Stocks fall as China data fuels fears of economic slowdown

Stocks fall as China data fuels fears of economic slowdown

  • The euro STOXX 600 falls 0.2%
  • China reports weak fourth quarter data
  • Asia shares fall 0.4%
  • Yen near 7-month highs

LONDON/HONG KONG, Jan 17 (Reuters) – European stocks halted their New Year rally and Asian stocks fell after China reported weak fourth-quarter economic data on Tuesday, keeping investors on edge of the outlook. of a global recession.

The Euro STOXX 600 (.STOXX) lost 0.2%, falling from its nine-month high reached on Monday. Global stocks have enjoyed a rebound so far in 2022, buoyed by hopes of a rebound in China’s economy and an easing of price pressures in the United States and Europe.

But Chinese data showed the world’s second-largest economy grew 2.9% in the fourth quarter of last year, beating expectations but underscoring the cost exacted by Beijing’s strict “zero-COVID” policy.

China’s 2022 growth of 3% was well below the official target of around 5.5%. Excluding a 2.2% expansion after the first hit of COVID-19 in 2020, it was the worst result in nearly half a century.
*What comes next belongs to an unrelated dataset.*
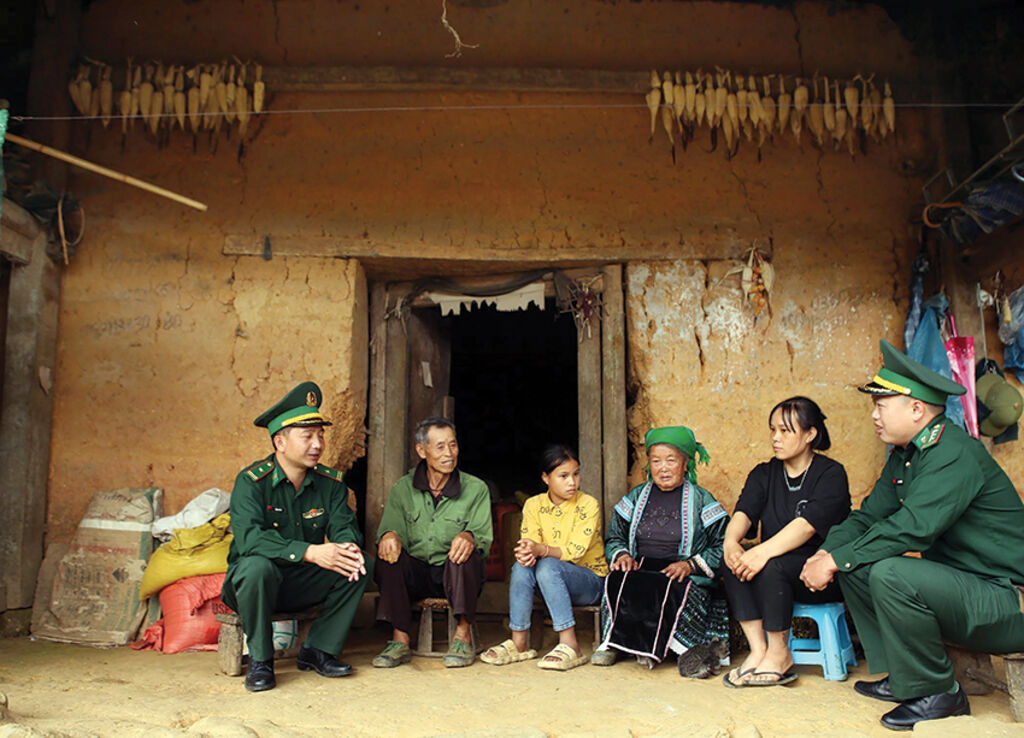 | Soldiers of Dao San border guard station in Phong Tho district, Lai Chau province, pay a visit to a local family__Photo: Quy Trung/VNA |

Asia Pacific stocks outside of Japan (.MIAPJ0000PUS) extended losses in response and fell 0.4%. Hong Kong stocks (.HSI) fell 0.8% and China’s benchmark CSI300 index (.CSI300) recouped losses to close unchanged.
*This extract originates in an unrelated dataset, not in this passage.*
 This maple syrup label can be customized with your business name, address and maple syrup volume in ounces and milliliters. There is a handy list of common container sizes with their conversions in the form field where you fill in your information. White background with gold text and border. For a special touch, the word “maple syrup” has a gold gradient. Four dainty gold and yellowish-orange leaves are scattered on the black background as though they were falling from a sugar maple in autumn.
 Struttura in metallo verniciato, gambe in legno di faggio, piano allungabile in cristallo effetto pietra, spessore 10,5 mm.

In Europe, China-exposed financials HSBC (HSBA.L) and Prudential (PRU.L) fell 1% and 0.4% respectively. Economically sensitive consumer staples such as Unilever and Danone (DANO.PA) also fell more than 1% each.

Market players said investors were assessing how economies would expand as inflation peaks and central bank tightening slows, and data from China underscores doubts about whether it could act as a stimulus.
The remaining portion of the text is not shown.